WHAT YOU NEED TO DO: Transcribe the full listing without changing a word, and omit its pictures.

PROVIDED DATA:
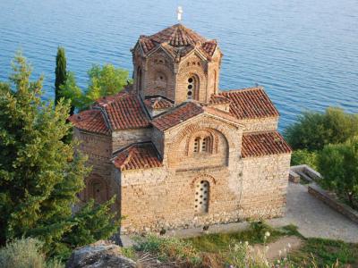 Christ Pancrator is featured in a fresco in the church dome. The Church of Saint John is a pleasant walk from the fortress of Tsar Samoil downhill through the pine forest. The views of Lake Ohrid and the old town are sweeping and dramatic. For weary, hungry hikers there is no dearth of friendly restaurants at the water's edge.
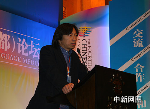 最后一點,就是海外華文媒體怎么樣跟中新社共同一塊做一些事情。我上午就說過了,中新社牽頭,我們可以建立一個網(wǎng)絡(luò)平臺,也許一個星期就可以做出來,鏈接式的,把世界華文媒體,用點擊的方式,比如西班牙,一點擊,當?shù)氐膱蠹埦涂梢猿尸F(xiàn)出來,這給中國人華文媒體在海外交流信息是一個很好的平臺,同時中新社也可以形成一個把大家結(jié)合起來的團隊,共同去做這件事情,同時還有一些商業(yè)的合作機會,包括土地、房屋買賣和旅游。假設(shè)我去歐洲旅游的時候,我只要是有這么一個平臺,我一點擊就可以從那邊拿到東西。再一個,大家在海外去做華文媒體的時候,做LOGO新聞的時候,通常會東抄西抄,但是互相抄的時候就有重復了,我隨便看一下,假設(shè)是德國的報紙我看得津津有味,我在美國呆著,從來不知道德國的報紙是什么樣。我基本上是這么幾點,和大家分享一下中國的問題和可以操作的解決方式。謝謝。
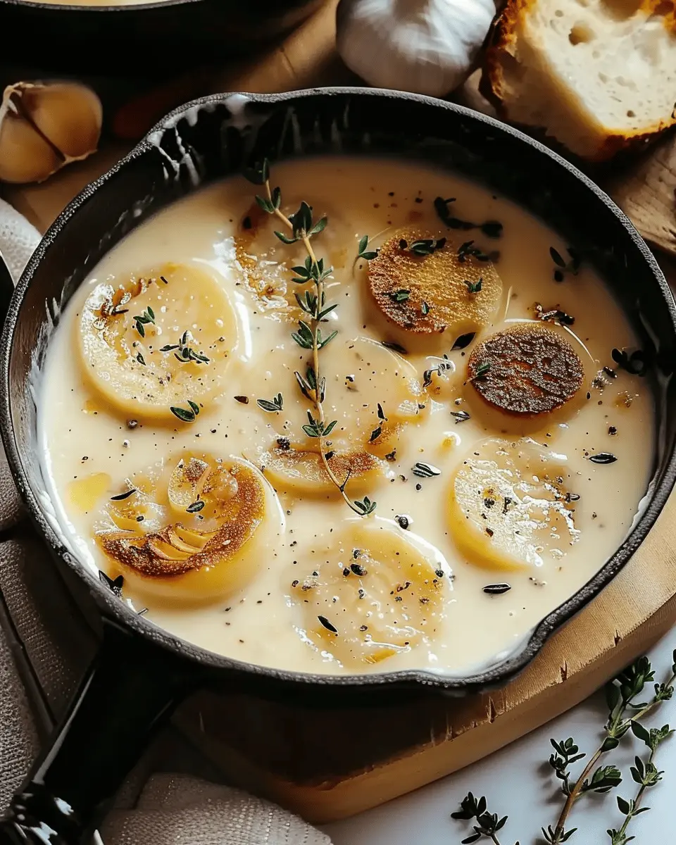 This French Garlic Soup is a comforting dish that combines the rich flavors of roasted garlic with the savory taste of turkey bacon.
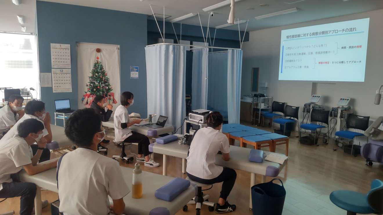 月1回のPT/OT勉強会。知識の共有を行い、スキルアップが出来るように。みんなで刺激しあっています。 その他、症例検討を月1回、エコー勉強会を月2回開催。
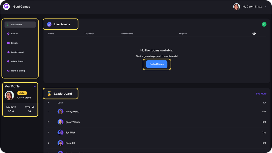 Once logged in, you can manage your Gamespace, schedule events, and track performance through the Guul web app. The dashboard on the website allows you to explore all the same features available in Slack.
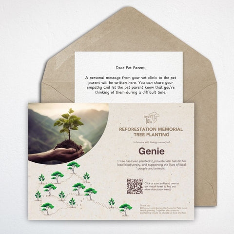 It means a lot to grieving pet parents when they receive a personal card from their vet. Make it extra special with a gifted reforestation pet memorial tree. Simply add a Trees for Pets gift card with a QR code for your clients to scan to plant their gifted tree in memory of their beloved pet. We will plant the tree and email a personalised certificate. Your clinic will be invoiced on a quarterly basis.

EXERCISE OUTPUT:
 Christ Pancrator is featured in a fresco in the church dome. The Church of Saint John is a pleasant walk from the fortress of Tsar Samoil downhill through the pine forest. The views of Lake Ohrid and the old town are sweeping and dramatic. For weary, hungry hikers there is no dearth of friendly restaurants at the water's edge.
 最后一點,就是海外華文媒體怎么樣跟中新社共同一塊做一些事情。我上午就說過了,中新社牽頭,我們可以建立一個網(wǎng)絡(luò)平臺,也許一個星期就可以做出來,鏈接式的,把世界華文媒體,用點擊的方式,比如西班牙,一點擊,當?shù)氐膱蠹埦涂梢猿尸F(xiàn)出來,這給中國人華文媒體在海外交流信息是一個很好的平臺,同時中新社也可以形成一個把大家結(jié)合起來的團隊,共同去做這件事情,同時還有一些商業(yè)的合作機會,包括土地、房屋買賣和旅游。假設(shè)我去歐洲旅游的時候,我只要是有這么一個平臺,我一點擊就可以從那邊拿到東西。再一個,大家在海外去做華文媒體的時候,做LOGO新聞的時候,通常會東抄西抄,但是互相抄的時候就有重復了,我隨便看一下,假設(shè)是德國的報紙我看得津津有味,我在美國呆著,從來不知道德國的報紙是什么樣。我基本上是這么幾點,和大家分享一下中國的問題和可以操作的解決方式。謝謝。
 This French Garlic Soup is a comforting dish that combines the rich flavors of roasted garlic with the savory taste of turkey bacon.
 月1回のPT/OT勉強会。知識の共有を行い、スキルアップが出来るように。みんなで刺激しあっています。 その他、症例検討を月1回、エコー勉強会を月2回開催。
 Once logged in, you can manage your Gamespace, schedule events, and track performance through the Guul web app. The dashboard on the website allows you to explore all the same features available in Slack.
 It means a lot to grieving pet parents when they receive a personal card from their vet. Make it extra special with a gifted reforestation pet memorial tree. Simply add a Trees for Pets gift card with a QR code for your clients to scan to plant their gifted tree in memory of their beloved pet. We will plant the tree and email a personalised certificate. Your clinic will be invoiced on a quarterly basis.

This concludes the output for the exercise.